请在我的代码中建议需要更改的内容才能正确执行。谢谢你的帮助。

2 个答案:

答案 0 :(得分:3)

在此示例中,您尚未指定mapper类,并且无法使用默认的标识映射器。

这是因为您指定的TextInputFormat生成LongWritable(行号)作为键,Text(行内容)作为值。因此默认的身份映射器将忠实地发出Longwritable和Text不变。由于您已将outputKeyClass指定为Text,因此映射器的键输出(LongWritable)与映射器输出归类系统(Text)所期望的键类型之间存在类不匹配。您在值字段上也会出现类似的不匹配,但系统首先在关键字段上失败。

要解决这个问题,你必须编写自己的mapper类,它采用LongWritable,Text并输出Text,Intwritable。
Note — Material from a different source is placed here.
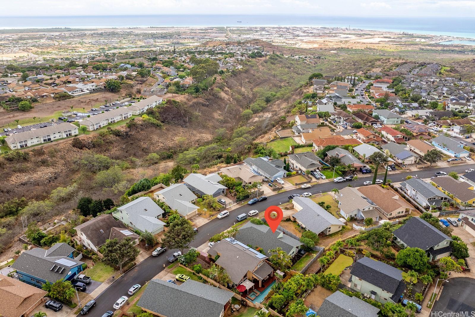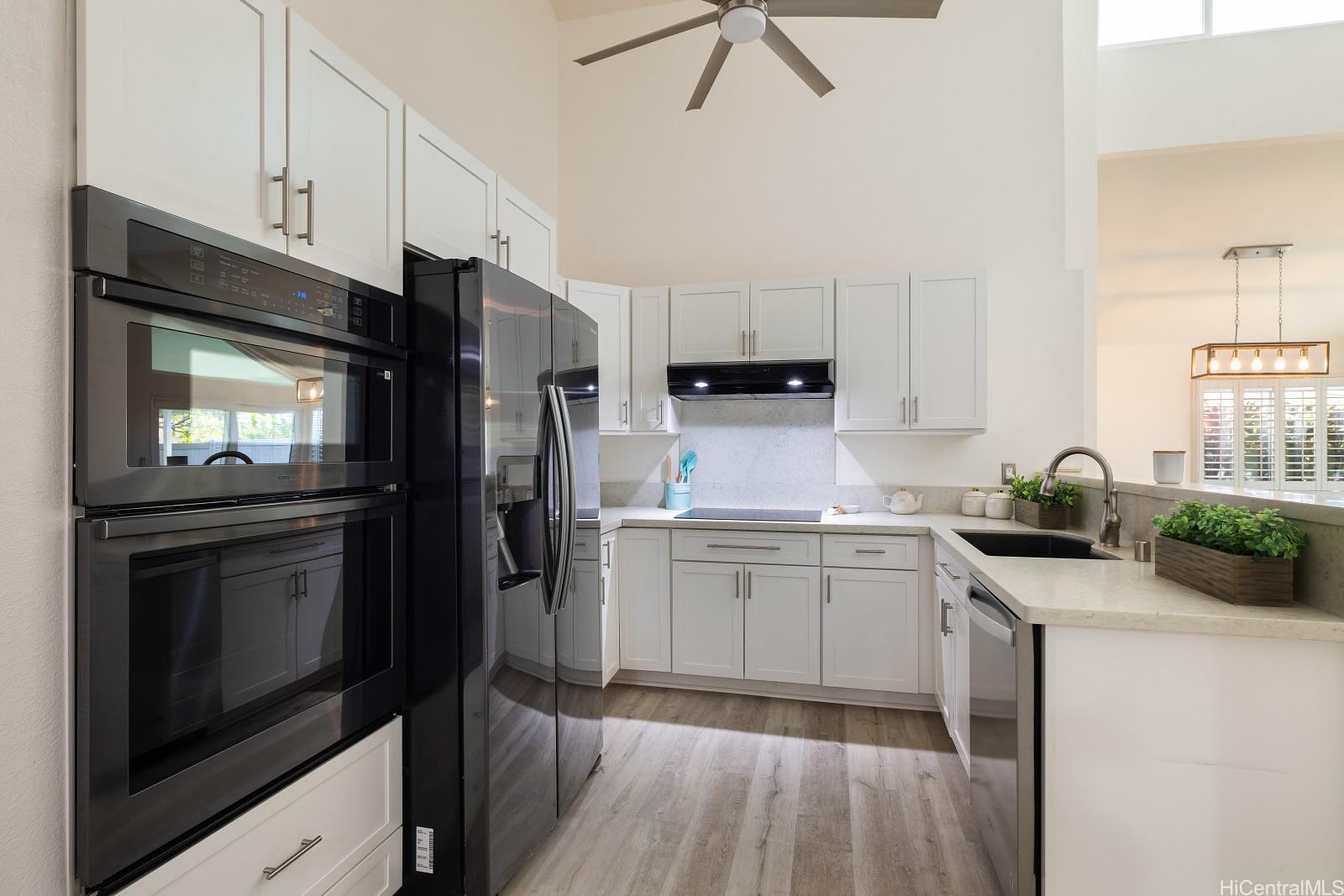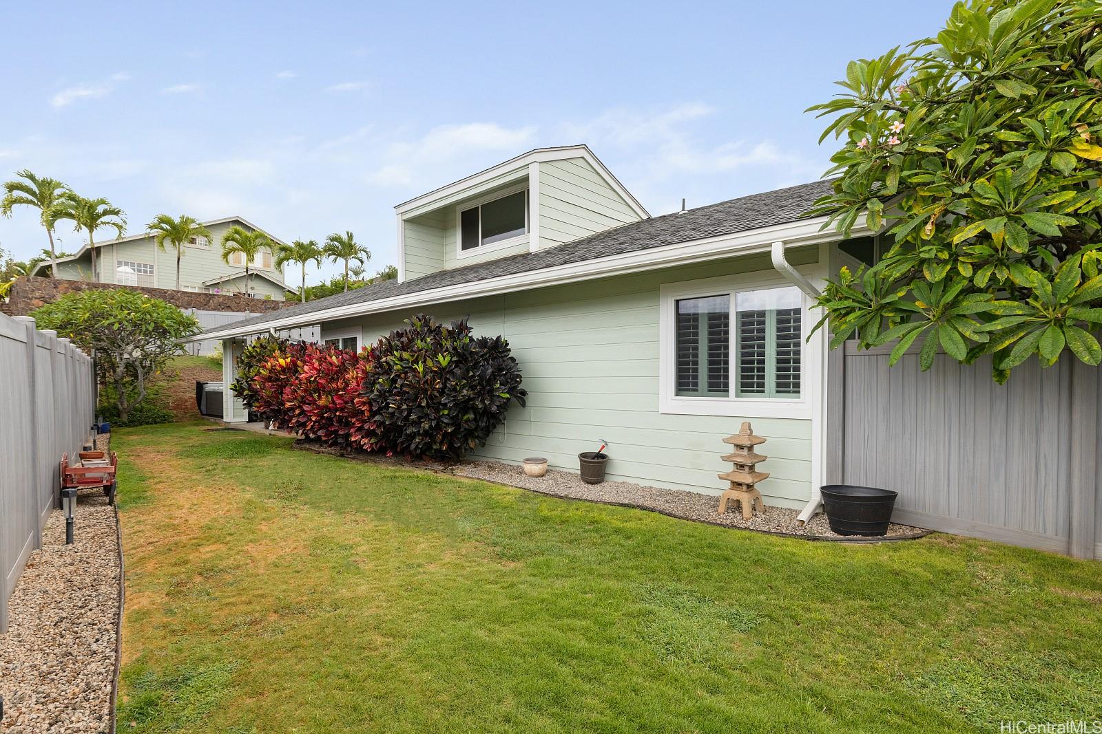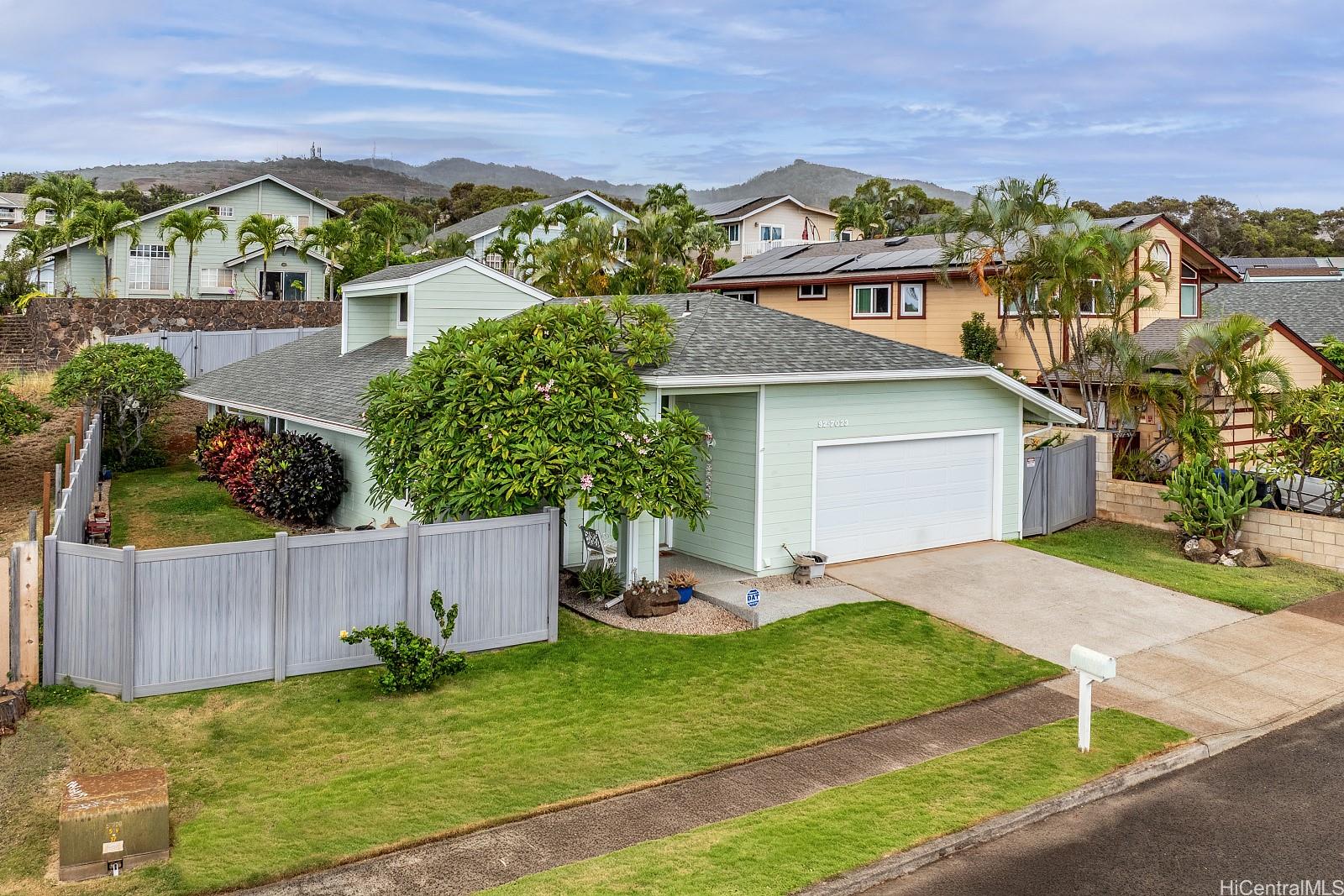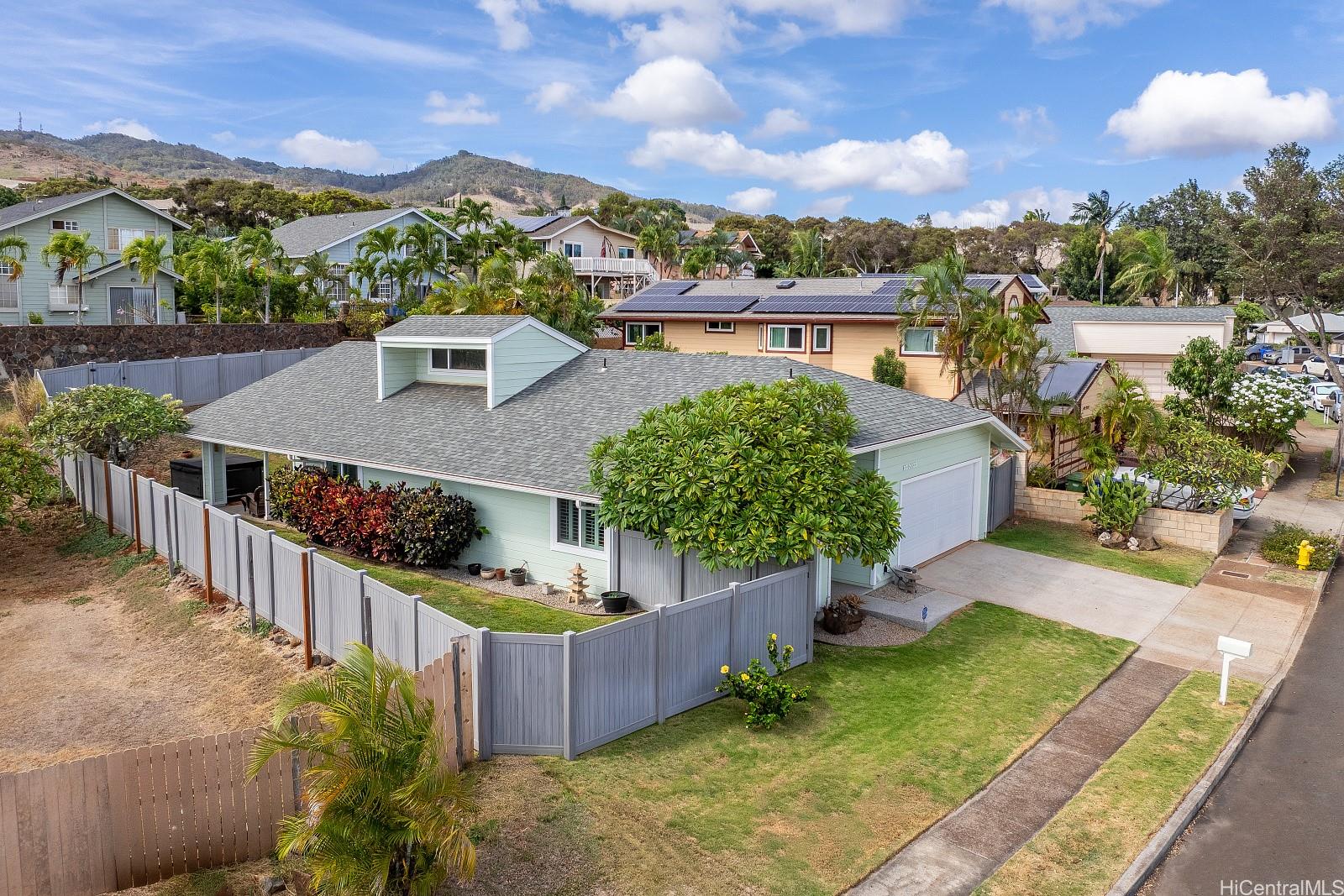 Elegant and spacious single level 3 bedroom 2 bath home located in upper Makakilo with over 6,000 square feet of land and spacious front and back yards with newer vinyl fence for privacy and pets. Enjoy the vaulted ceilings and all new windows throughout which provide ample natural light and boast plantation shutters. This home features a remodeled kitchen with hardwood cabinets, pull-out pantry shelves and soft close doors, quartz countertops and newer appliances. The open kitchen design includes bar top seating as well as a separate breakfast nook. The Primary suite is spacious with luxury vinyl plank floors and Corian finishings complete the new accessible shower in the en suite bath. Two guest rooms share a guest bath and are carpeted. Throughout the home you’ll find split A/Cs in the living room and bedrooms, Luxury Vinyl plank flooring, fresh paint, newer windows and sliding doors, new closet doors and an asphalt shingle roof was installed in 2019. This home gives meaning to the phrase turnkey! Relax under your large covered lanai, enjoy gardening around the property, long soaks in your hot tub and the easy maintenance of an epoxy floor.

编辑:我只是仔细看看你的代码。你只是使用mapreduce框架在reducer中执行一个java jar,这似乎很明显违反了Hadoop的精神(使用MapReduce计算HDFS数据)。我实际上会重新检查你正在尝试用这个应用程序做什么,而不是花更多的时间来使它在mapreduce中工作。

答案 1 :(得分:0)

我修改了代码,如下所示:

    import java.io.*;
    import java.util.*;

    import org.apache.hadoop.fs.Path;
    import org.apache.hadoop.conf.*;
    import org.apache.hadoop.io.*;
    import org.apache.hadoop.mapred.*;
    import org.apache.hadoop.util.*;

    public class GatkWordCount {
       public static class Reduce extends MapReduceBase implements Reducer<LongWritable, Text, LongWritable, Text> {
         public void reduce(LongWritable key, Iterator<Text> values, OutputCollector<LongWritable, Text> output, Reporter reporter) throws IOException {
           String cmd = "java -jar /home/hduser/apps/hadoop/GenomeAnalysisTK.jar -T RealignerTargetCreator -R /user/hduser/gatkinput/gatkinput/ucsc.hg19.fasta -I /user/hduser/gatkinput/gatkinput/groupbam -known /user/hduser/gatkinput/gatkinput/Mills_and_1000G_gold_standard.indels.hg19.vcf -o /user/hduser/gatkinput/gatkinput/target_intervals.list";

    try{    
        System.out.println("GATK cmd===>"+cmd);
        Process p = Runtime.getRuntime().exec(cmd);
    p.waitFor();
    System.out.println("p.exitValue-->"+p.exitValue());
         } catch (Exception e){
        System.out.println("Exception-->"+e.getMessage());
    }
}}
      public static void main(String[] args) throws Exception {
         JobConf conf = new JobConf(GatkWordCount.class);
         conf.setJobName("GatkWordCount");

         conf.setReducerClass(Reduce.class);
         //conf.setMapperClass(Map.class);

         conf.setOutputKeyClass(LongWritable.class);
         conf.setOutputValueClass(Text.class);


         conf.setInputFormat(TextInputFormat.class);
         conf.setOutputFormat(TextOutputFormat.class);

         FileInputFormat.setInputPaths(conf, new Path(args[0]));
         FileOutputFormat.setOutputPath(conf, new Path(args[1]));

         JobClient.runJob(conf);
       }
    }
  

[1]现在,执行中没有问题,但是将工作减少到66%   [2] userlogs /../ stderr文件中没有错误。甚至system.out.println   在stdout文件中打印,但system.out.println是连续的   在stdout文件中打印? [3] p.exitValue - &gt;在代码中打印1表示作业异常终止但日志中没有问题。   你能否告诉我这段代码的问题或建议一种执行jar文件的替代方法?   PS:我不能对答案投票,因为没有15个声望。   感谢。